Deploying RAG-Powered AI Solutions with AWS Local Zones and Outposts

Organizations in regulated industries are increasingly adopting generative AI while grappling with the challenge of maintaining strict data residency. A viable solution involves deploying self-managed Small Language Models (SLMs) on-premises using AWS Outposts or in nearby AWS Local Zones.

SLMs can deliver accuracy similar to larger models for specific use cases, but they are limited by a static knowledge base. This limitation is particularly pronounced in SLMs due to their smaller parametric memory. To enhance their performance in enterprise settings, SLMs require an architecture that integrates fresh, governed data.

Retrieval-Augmented Generation (RAG) serves as the key architectural pattern that connects a model’s static knowledge with dynamic enterprise data. This article outlines a solution template for deploying an SLM augmented with RAG, which not only improves accuracy but also reduces total cost of ownership by minimizing size and latency.

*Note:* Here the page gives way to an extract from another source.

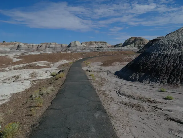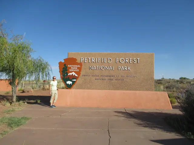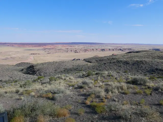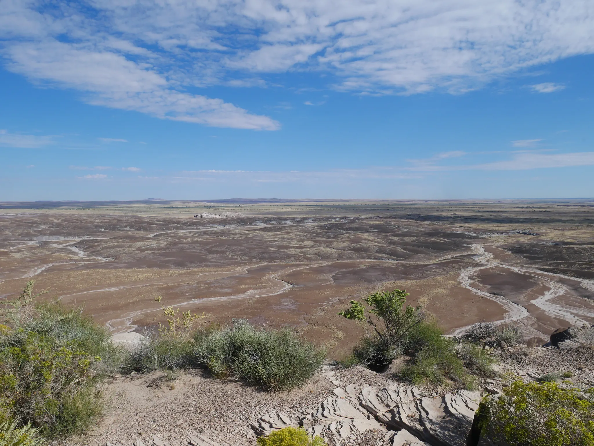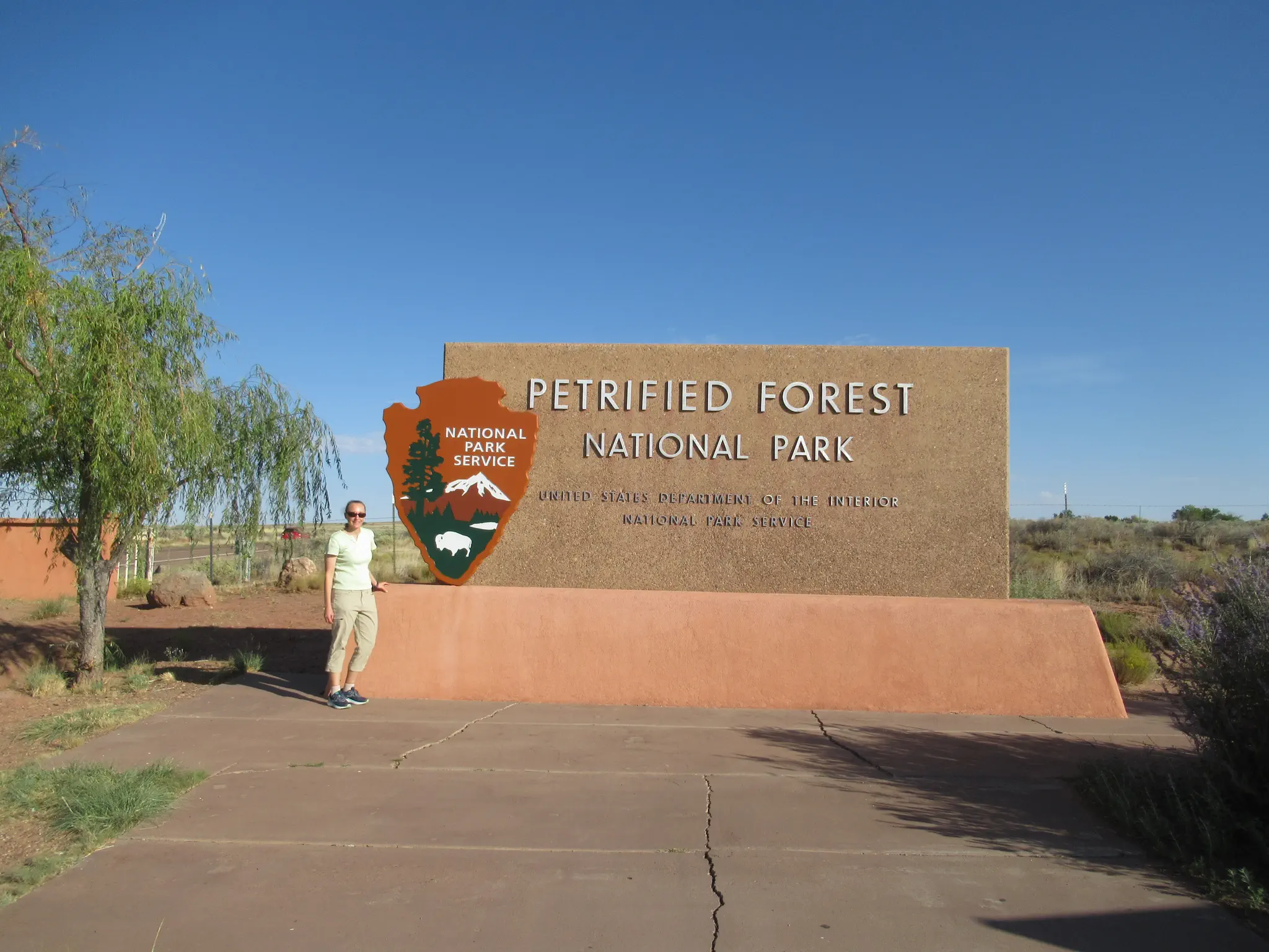 The Petrified Forest's did not open unto 8am, with a closed gate before. I have seen that National Parks normally allow to enter before opening, but we could not get into 8am here. It was an hour earlier here than where we stayed, so an early start would have been good to get more time at the park. From the east, going to the north entrance from I-40 is the only reasonable option. We drove and visited north to south and exited at the south side. I still manage to mess up the timing, so Travis found us another park to hike in first. I was so confused on the time the full trip -- we left CDT/GMT-5 to NM MDT/GMT-6 to AZ, which does not observe daylight savings time (DST), so MST/GMT-7 or California time now. The Navajo Nation does observe DST, so on MDT too. We booked Antelope Canyon through them, but they operate the tours on AZ non-DST time to not confuse people, which thoroughly confused me.

A practical application of this architecture is demonstrated through a chatbot designed to address technical queries about AWS Hybrid Edge products, specifically AWS Local Zones and AWS Outposts.

Architecture Overview

The chatbot solution is deployed on four EC2 instances, each serving a distinct role in the RAG pipeline:

g4dn or G7e (GPU)
m5.xlarge

All instances utilize the Deep Learning Base OSS Nvidia Driver GPU AMI (Amazon Linux 2023) for GPU workloads and Amazon Linux 2023 for the database instance.

RAG enhances model output by referencing an authoritative knowledge base before generating responses, significantly reducing inaccuracies and improving traceability. The RAG workflow operates through a structured seven-stage pipeline, ensuring that data remains within controlled environments.

Implementing RAG

Key steps for deploying the RAG environment include:

Creating vector embeddings for proprietary data and user queries using a suitable model, such as BAAI/bge-large-en-v1.5.
Using recursive character chunking to split documents into manageable sizes (600–800 tokens with 10–15% overlap) to maintain context.
Deploying a specialized database, like Milvus, for efficient storage and similarity searches.

Additionally, a reranking step can enhance retrieval quality by re-scoring initial results with a cross-encoder model, ensuring that only the most relevant information is processed by the SLM.

Performance Optimization

To optimize performance, it is crucial to filter out less relevant chunks before they reach the SLM. This selective approach not only improves processing efficiency but also enhances the quality of generated responses.

Quality Assurance

Before deploying the RAG system in production, it is essential to establish quality gates, including a “Golden Dataset” of curated questions with known answers. This ensures that updates to the model do not degrade performance.

Security Considerations

Implementing RAG solutions on AWS Local Zones and Outposts necessitates a robust security strategy to maintain data residency and compliance. Key security controls should include:

Production hardening of the code.
Adhering to AWS documentation for data residency architecture.

This guide illustrates how organizations can leverage proprietary data in AI applications while ensuring compliance with regulatory requirements. By utilizing SLMs augmented with RAG, enterprises can achieve both security and enhanced AI capabilities.